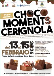 Si svolgerà a Cerignola dal 13 al 15 febbraio “Choco Moments”, la Festa del Cioccolato Artigianale organizzata da FIVA Confcommercio in collaborazione con la nostra Associazione e il patrocinio del Comune di Cerignola. La manifestazione di rilevanza nazionale è dedicata alla promozione dell’artigianato di qualità e alla valorizzazione dei centri urbani
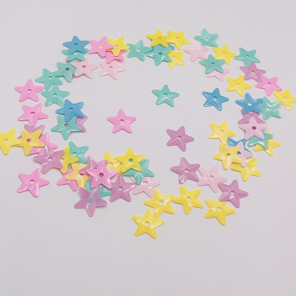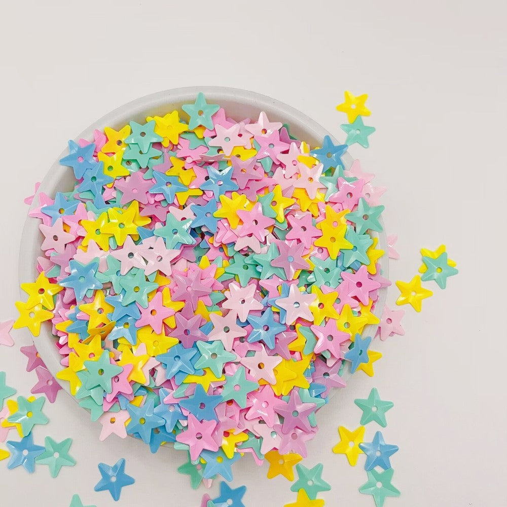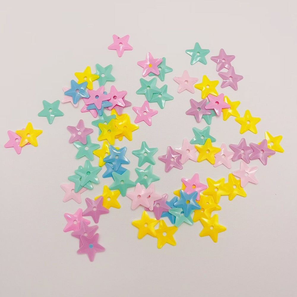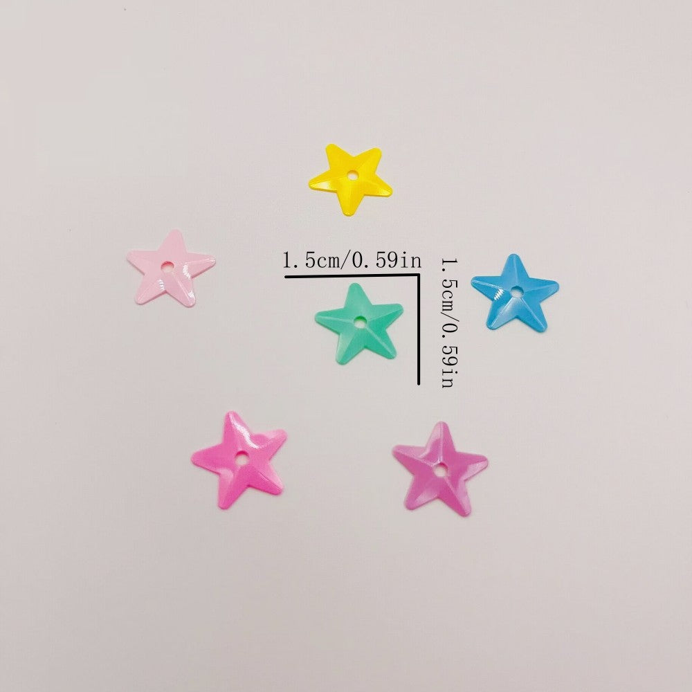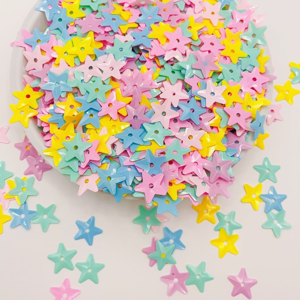 Get creative with this 10g pack of plastic five-pointed star sequins, perfect for adding a touch of sparkle to your DIY projects. Use them to embellish jewelry or craft intricate designs.
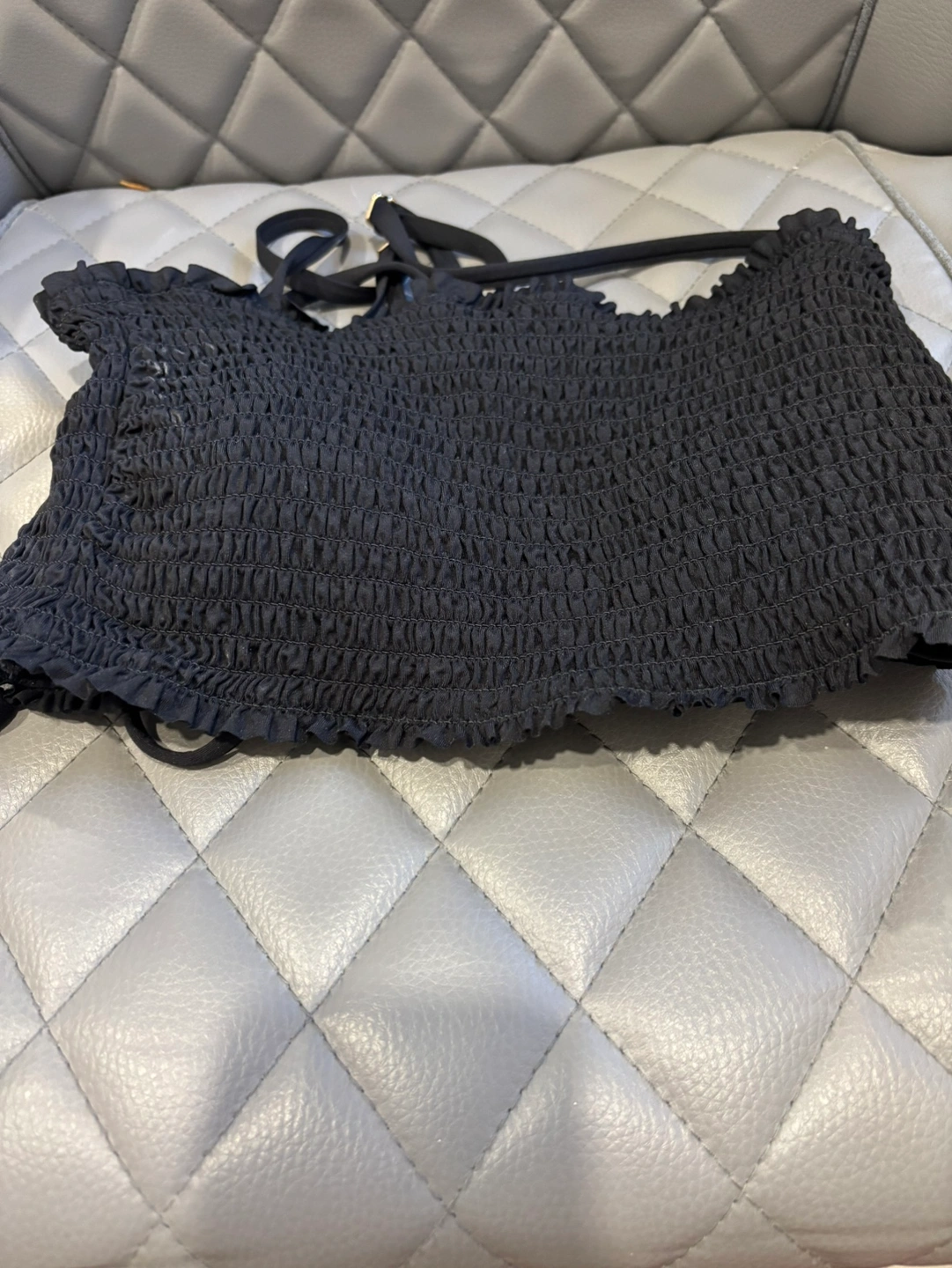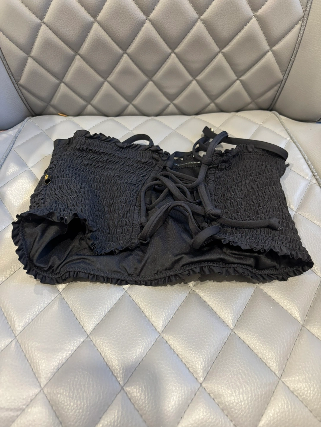 Black bikini top with adjustable straps and a lace-up detail at the front. The top is a size L/G and is made from a stretchy fabric.
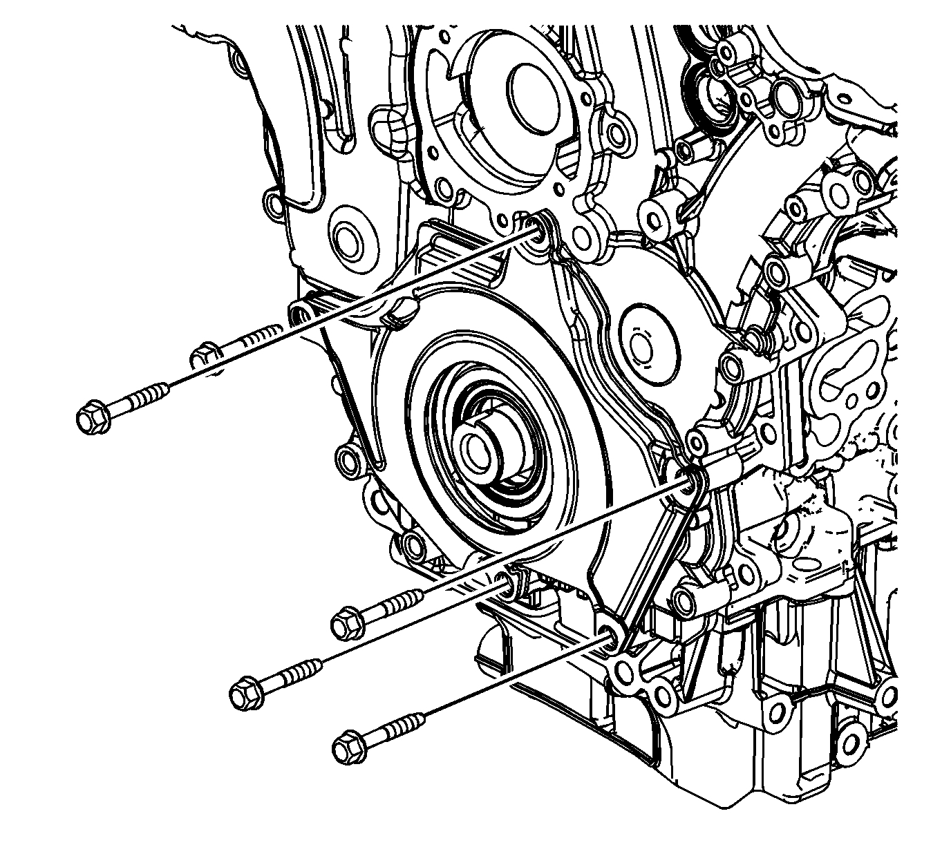 8. Loosely install the remaining engine front cover bolts.
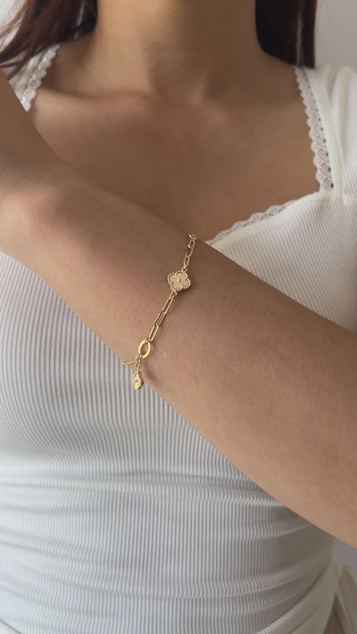 A charm of luck in gold. Made in Italy from 18k gold, this bracelet features a chic paperclip chain adorned with a delicate clover charm. Modern yet timeless, it’s perfect for everyday wear or as a lucky layering piece.

---------------

• [Task]: Print the records again exactly, pictures excluded.

• [Problem solution]:
 Si svolgerà a Cerignola dal 13 al 15 febbraio “Choco Moments”, la Festa del Cioccolato Artigianale organizzata da FIVA Confcommercio in collaborazione con la nostra Associazione e il patrocinio del Comune di Cerignola. La manifestazione di rilevanza nazionale è dedicata alla promozione dell’artigianato di qualità e alla valorizzazione dei centri urbani
 Get creative with this 10g pack of plastic five-pointed star sequins, perfect for adding a touch of sparkle to your DIY projects. Use them to embellish jewelry or craft intricate designs.
 Black bikini top with adjustable straps and a lace-up detail at the front. The top is a size L/G and is made from a stretchy fabric.
 8. Loosely install the remaining engine front cover bolts.
 A charm of luck in gold. Made in Italy from 18k gold, this bracelet features a chic paperclip chain adorned with a delicate clover charm. Modern yet timeless, it’s perfect for everyday wear or as a lucky layering piece.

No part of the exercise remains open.